The girl’s mom must be pretty young too since she failed to read my expression below. I bet anyone else reading this could see that I’m saying “this is not good, this is not cool, get me out of here”.
Anyways, the girl had a celebration at her preschool. She asked for a piñata. I knew when I saw that sparkly mess of streamers that I wanted nothing to do with it. Could the mom leave me at home during this madness? No. Of course not. She said I am so important I needed to go everywhere with them. I think she just likes to torment me. Whatever. I will prevail. Someday.

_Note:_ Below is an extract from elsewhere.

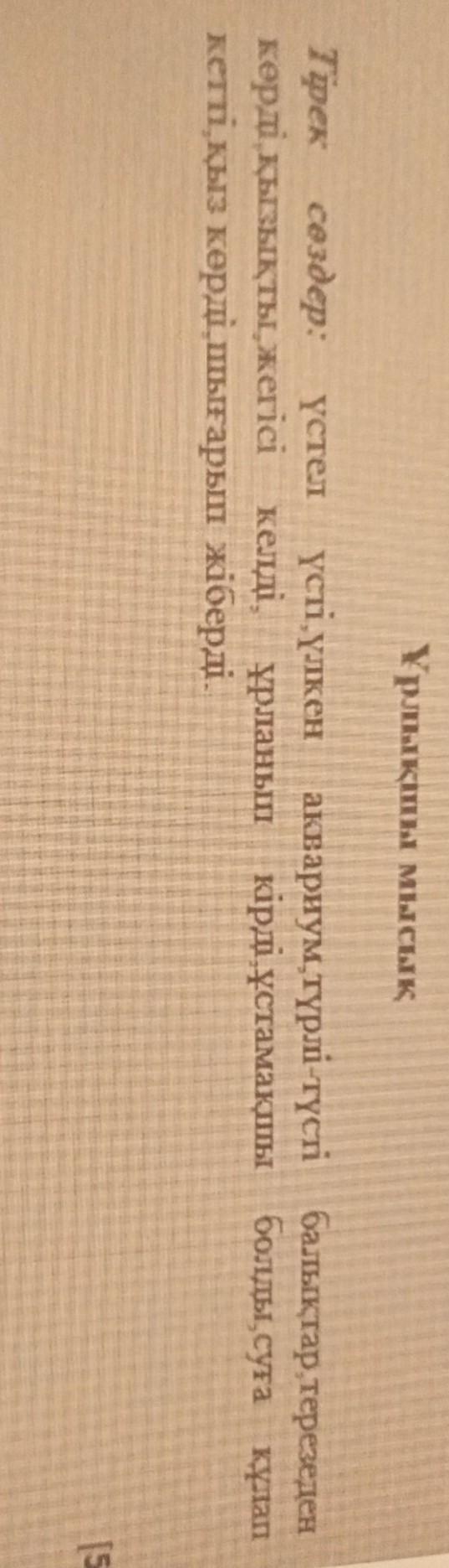 Ответ:Бөлмеде үстелдің үстінде үлкен аквариум тұр. Онда түрлі- түсті балықтар жүзіп жүр екен. Бір мысық түрлі- түсті балықтарды терезеден көрді. Оларға қарап қатты қызықты. Балықтарды жегісі келіп, ұрланып бөлмеге кірді. Аквариумге мініп, оларды ұстамақшы болды. Сол сәтте аяғы тайып суға құлап кетті. Суға құлаған мысықты қыз көрді. Ашуланып, судан мысық алып, сыртқа шығарып жіберді.

What do you get when you put a piñata, 8 toddlers, and a service dog together? This:
When the girl was stuffing the piñata with bags of stuff I CANNOT eat, she told me she was going to give me one of the party hats. I wish she didn’t follow up on things so well. This hat is not my style. Um, there is no hat EVER in my style. Remember that.
I even had to alert during this whole experience since the girl was running high. So not only was I on edge because of the prospect of a flying stick coming my way I was drooling because of the girls BG high. Stressed is an understatement. But it seems to be part of the job description with these people.
But all turned out ok. The piñata was destroyed, no one got hurt, and the girls BG came back into range. So happy birthday to the girl. Let’s hope she doesn’t eat any cake. Who am I kidding. I know she will…. and I’ll be alerting.